Четыре года предварительнаго заключенія, процессъ, знаменитый процессъ 193 и — Сибирь. Въ Сибири Екатерина Константиновна пробыла на поселеніи и на каторгѣ въ общемъ безъ малаго двадцать лѣтъ. За это время у многочисленной родни ея скопились цѣлыя груды писемъ. И ни разу нигдѣ ни въ одномъ изъ этихъ писемъ не проскользнули уныніе, подавленность человѣка образованнаго, культурнаго, утонченно-воспитаннаго, очутившагося въ дикихъ первобытныхъ условіяхъ.
Свои длинныя, убористымъ почеркомъ, безъ мягкихъ и твердыхъ знаковъ письма, Брешко-Брешковская снабжала собственноручными рисунками перомъ. Въ этихъ миніатюрныхъ рисункахъ отражалось все ее окружавшее — бытъ ссыльныхъ, типы инородцевъ, бурятскія юрты, безотрадные пейзажи Забайкальскихъ степей и тундръ.
Давно ли мнѣ вспоминается дѣтство, — это были живые, такіе законченные образы... Давно ли...

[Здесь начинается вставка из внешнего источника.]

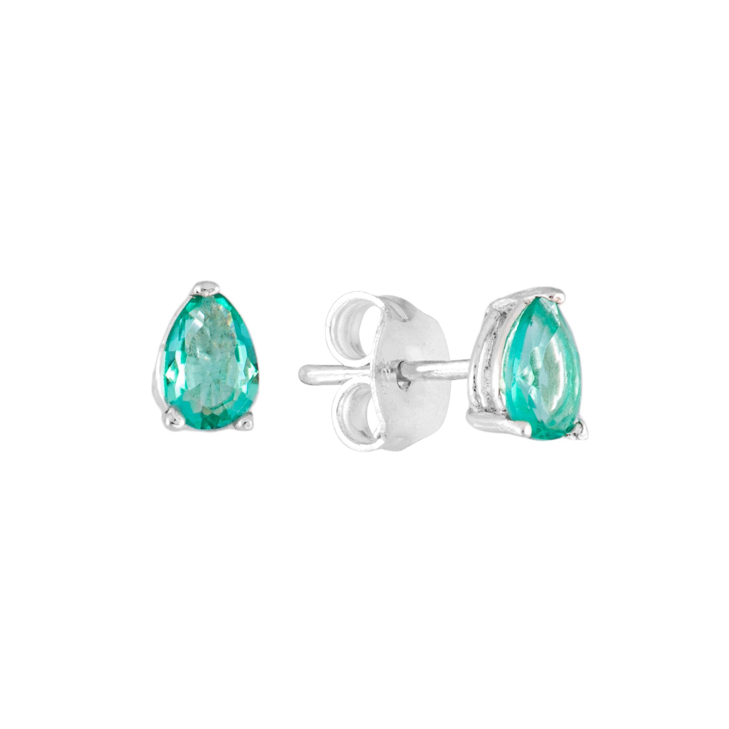 Brinco Gota Fixo no Tamanho 4x6 na Pedra Cristal Cor Turmalina Paraíba, ideal para segundo furo ou infantil.

И что за цѣльныя, каждая по-своему, фигуры. А теперь — это заросшія травою могилы на погостѣ деревенской церкви. Застѣнчивой, какъ и всѣ храмы далекой русской глуши.
Двѣ могилы рядомъ. Вмѣстѣ были всю жизнь и вмѣстѣ ушли въ ту, другую, невѣдомую жизнь, въ которую оба такъ пламенно вѣрили...
Это — мои дѣдушка съ бабушкой. Родители матушки моей, Екатерины Константиновны Брешко-Брешковской.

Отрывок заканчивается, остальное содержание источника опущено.